Думаю, потому что именно к таким ролям я и тянусь. Даже в жизни, когда я наблюдаю за людьми... Во французском у нас есть выражение à plusieurs couches (многослойный).
Вы имеете в виду многослойные личности?
Да. То, как люди себя ведут — парадоксы, противоречия. Все эти штуки, с которыми нам приходится жить, притворяясь, будто всё просто: чёрное или белое. А ведь именно в этом и кроется самое интересное в человеческой природе. В том, что мы должны делать одно, а изображать совсем другое. Вот тогда и становится по-настоящему увлекательно. Если ты просто говоришь то, что чувствуешь, — это не так интересно. А вот когда приходится врать — вот это уже интересно.
Как вы думаете, откуда у вас интерес к таким вещам?
Не знаю. Когда я только мечтал стать актёром, меня вдохновляли Жан-Мария Волонте и Роберт Де Ниро — они ведь никогда не играли милых, чистеньких, «отполированных» ребят. Их герои были злыми, подлыми, но при этом притягательными. Когда я начал сниматься в кино, я сам выбирал подобные роли. Думаю, такие персонажи просто интереснее. И, в каком-то смысле, они правдивее отражают жизнь, чем герои и так называемые «хорошие парни».
«Некоторым всё же удаётся исчезать. Но проблема в том, что сама система устроена так, что сбежать из неё очень трудно — тебя легко поймать в ловушку».
Говоря о Де Ниро — однажды режиссёр, работавший с ним, сказал мне, что в нём есть что-то пугающее, и для этого ему даже не надо ничего делать. Думаю, у многих к вам тоже такое отношение. Вы сталкивались с этим?
Да, конечно. Когда люди видят, какие персонажи у тебя за плечами, — они не знают, какой ты на самом деле. Но ведь это просто актёрская работа, и это нормально. К тому же сочетание этих двух сторон и сохраняет загадку.
С вами легко работать режиссёрам? Вы спорите на съёмочной площадке?
Нет-нет-нет. Я полностью доверяю режиссёру. Если я соглашаюсь на проект, значит, этот человек меня чем-то зацепил, мне интересно, как он работает, и я хочу у него поучиться. Да, если я окажусь в руках человека, которому не доверяю, — тогда будет сложно. Но я больше не попадаю в такие ситуации. И вообще, мне нравится, когда никто не знает, какой у тебя будет следующий шаг — будешь ли ты добрым или нет. Думаю, для актёра это важно. Если ты слишком много показываешь себя настоящего, слишком много говоришь о себе — зрителям становится всё равно. Они тебя уже «раскусили».
Вам не кажется, что сейчас звёзды чересчур много показывают себя в медиа, и это мешает им «растворяться» в ролях?
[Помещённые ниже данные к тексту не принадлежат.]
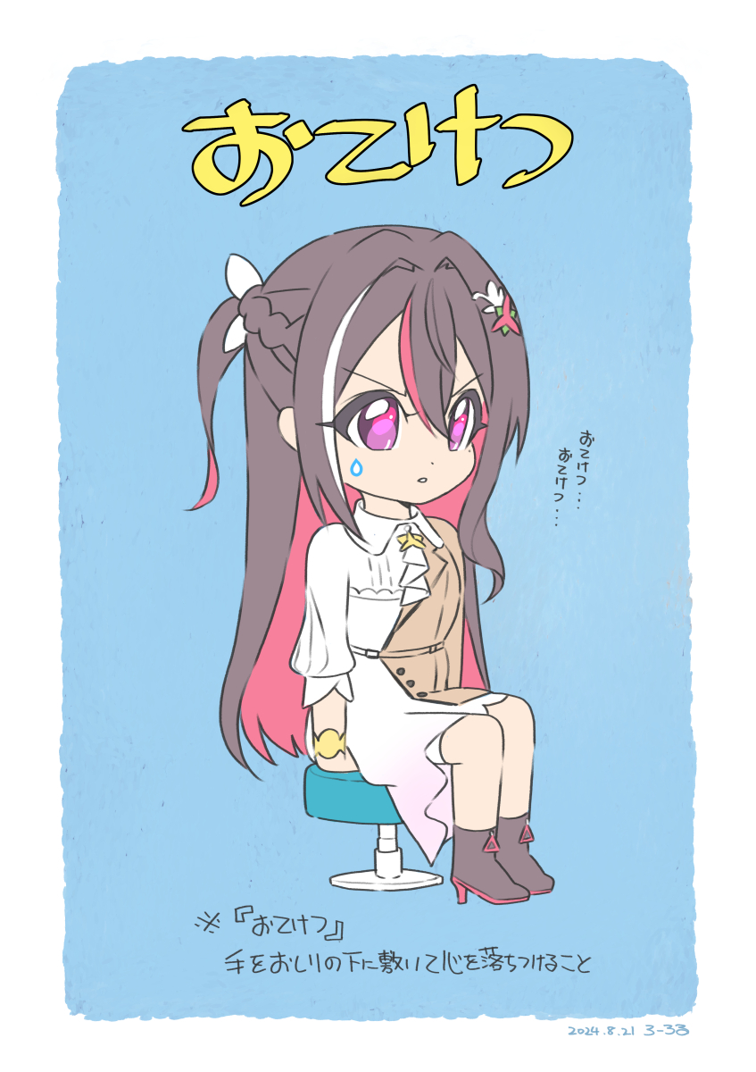 1girl ankle_boots artist_name ascot azki_(4th_costume)_(hololive) azki_(hololive) blue_background boots border braid breasts brown_hair brown_jacket collared_dress colored_inner_hair commentary_request dated deformed double-parted_bangs dress eyelashes flower full_body gradient_clothes gradient_dress grey_boots hair_between_eyes hair_flower hair_intakes hair_ornament half-jacket half_up_braid half_up_half_down_braid high-low_dress high_heel_boots high_heels highres hololive jacket laurol_azuki legs_together long_bangs long_hair looking_ahead mole mole_under_eye multicolored_hair on_stool parted_lips pink_dress purple_eyes short_sleeves signature sitting sitting_on_own_hands solo stool streaked_hair sweatdrop translation_request two-tone_dress v-shaped_eyebrows very_long_hair virtual_youtuber white_ascot white_border white_dress white_hair

Зависит от человека. Некоторые всё же умудряются исчезать. Проблема в том, что система устроена так, что сбежать из неё очень трудно — тебя легко поймать в ловушку. Раньше я был немного резким. Если кто-то спрашивал о жене или детях — я сразу пресекал. Но в то же время я понял: лучше быть вежливым. Не обязательно грубить людям.
Кажется, вы чётко разделяете разные сферы жизни — работа и семья, даже друзья и семья. Ваша жена Моника Беллуччи однажды сказала мне, что у вас даже друзья разные — это ведь редкость.
Но мне кажется, это здорово. У нас с ней общее дело — мы оба в шоу-бизнесе, — но при этом... у нас разные круги общения. Мне нравится, как мы это выстроили. Это здоровая система: у каждого есть свобода, своя жизнь. Если вы вместе — это не потому что «надо», а потому что вам действительно этого хочется.
Свобода — важная тема. Постоянные переезды, отсутствие постоянного дома — тоже часть этой свободы?
Наверное. Мы много путешествуем — это такой образ жизни. Да, он выходит дороже, не буду врать. Но в целом — это здорово, пока есть возможность. Потому что в какой-то момент ты просто останавливаешься — или ты уже слишком стар, или дети больше не хотят никуда ехать. Но сейчас — именно так мы живём. И мне это очень нравится. Это правда даёт ощущение свободы.
Желание свободы повлияло на ваш выбор профессии?
Я ведь вырос за кулисами — на съёмочных площадках, в театрах. Так что когда захотел сам управлять своей жизнью, сцена стала самым очевидным способом. Даже не кино сначала. Просто: «Вот я могу выйти и показать». Мы с друзьями из цирковой школы делали представление на улице. Всё было просто: тренируйся и играй. Если хорошо — зрители остаются и дают деньги, если нет — уходят, свистят. Так что это был просто самый естественный путь.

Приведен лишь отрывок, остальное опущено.